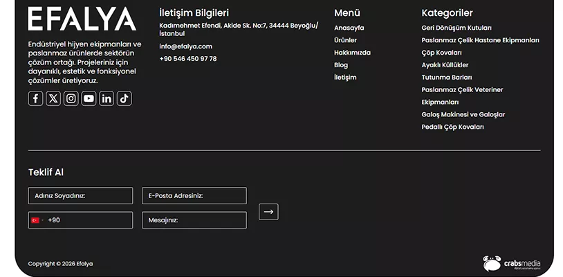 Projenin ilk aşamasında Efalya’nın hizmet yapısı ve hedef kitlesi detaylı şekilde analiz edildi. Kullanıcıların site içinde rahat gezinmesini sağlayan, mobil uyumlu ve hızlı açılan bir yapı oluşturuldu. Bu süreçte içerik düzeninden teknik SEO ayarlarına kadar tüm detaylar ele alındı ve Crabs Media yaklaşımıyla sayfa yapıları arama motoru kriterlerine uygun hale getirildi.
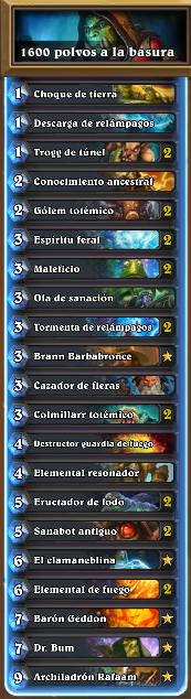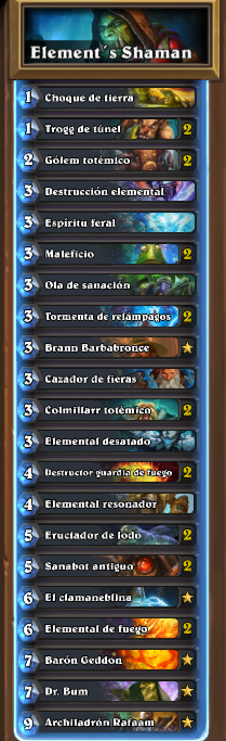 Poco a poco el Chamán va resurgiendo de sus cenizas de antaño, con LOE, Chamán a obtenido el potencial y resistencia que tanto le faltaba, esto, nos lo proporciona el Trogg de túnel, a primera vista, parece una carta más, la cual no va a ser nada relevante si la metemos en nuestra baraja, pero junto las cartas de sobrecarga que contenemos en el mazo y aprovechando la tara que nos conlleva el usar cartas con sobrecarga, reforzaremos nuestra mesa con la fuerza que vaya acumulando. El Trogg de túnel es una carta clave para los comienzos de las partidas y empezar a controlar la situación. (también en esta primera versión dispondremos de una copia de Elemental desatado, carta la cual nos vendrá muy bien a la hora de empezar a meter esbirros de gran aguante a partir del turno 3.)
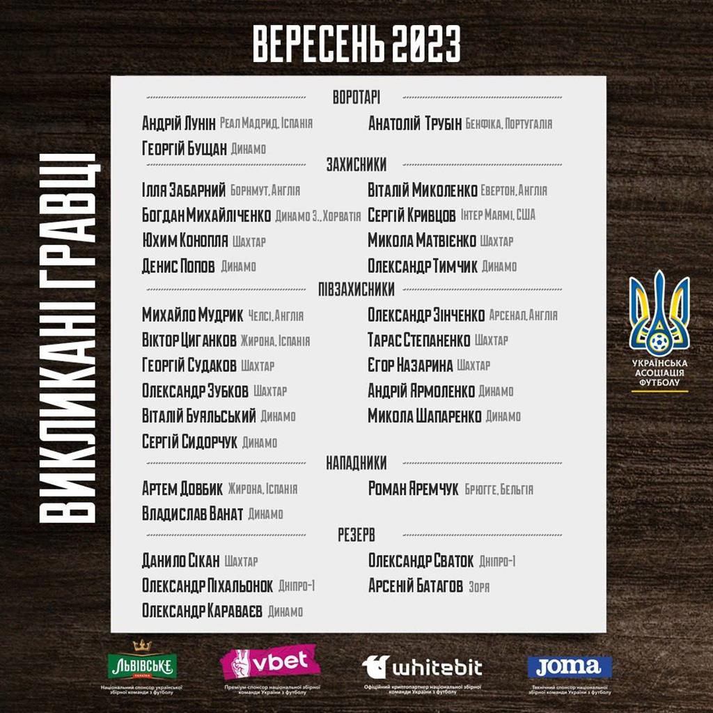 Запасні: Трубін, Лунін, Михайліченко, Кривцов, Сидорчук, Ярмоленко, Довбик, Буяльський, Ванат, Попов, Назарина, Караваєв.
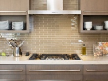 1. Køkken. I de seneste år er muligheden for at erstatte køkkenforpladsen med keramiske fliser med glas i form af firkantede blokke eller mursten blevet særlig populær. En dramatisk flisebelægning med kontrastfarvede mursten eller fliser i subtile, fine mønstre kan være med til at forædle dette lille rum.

REQUIREMENT:
Give back the material above exactly, but without its images.

YOUR RESPONSE:
 Projenin ilk aşamasında Efalya’nın hizmet yapısı ve hedef kitlesi detaylı şekilde analiz edildi. Kullanıcıların site içinde rahat gezinmesini sağlayan, mobil uyumlu ve hızlı açılan bir yapı oluşturuldu. Bu süreçte içerik düzeninden teknik SEO ayarlarına kadar tüm detaylar ele alındı ve Crabs Media yaklaşımıyla sayfa yapıları arama motoru kriterlerine uygun hale getirildi.
 Poco a poco el Chamán va resurgiendo de sus cenizas de antaño, con LOE, Chamán a obtenido el potencial y resistencia que tanto le faltaba, esto, nos lo proporciona el Trogg de túnel, a primera vista, parece una carta más, la cual no va a ser nada relevante si la metemos en nuestra baraja, pero junto las cartas de sobrecarga que contenemos en el mazo y aprovechando la tara que nos conlleva el usar cartas con sobrecarga, reforzaremos nuestra mesa con la fuerza que vaya acumulando. El Trogg de túnel es una carta clave para los comienzos de las partidas y empezar a controlar la situación. (también en esta primera versión dispondremos de una copia de Elemental desatado, carta la cual nos vendrá muy bien a la hora de empezar a meter esbirros de gran aguante a partir del turno 3.)
 Запасні: Трубін, Лунін, Михайліченко, Кривцов, Сидорчук, Ярмоленко, Довбик, Буяльський, Ванат, Попов, Назарина, Караваєв.
 1. Køkken. I de seneste år er muligheden for at erstatte køkkenforpladsen med keramiske fliser med glas i form af firkantede blokke eller mursten blevet særlig populær. En dramatisk flisebelægning med kontrastfarvede mursten eller fliser i subtile, fine mønstre kan være med til at forædle dette lille rum.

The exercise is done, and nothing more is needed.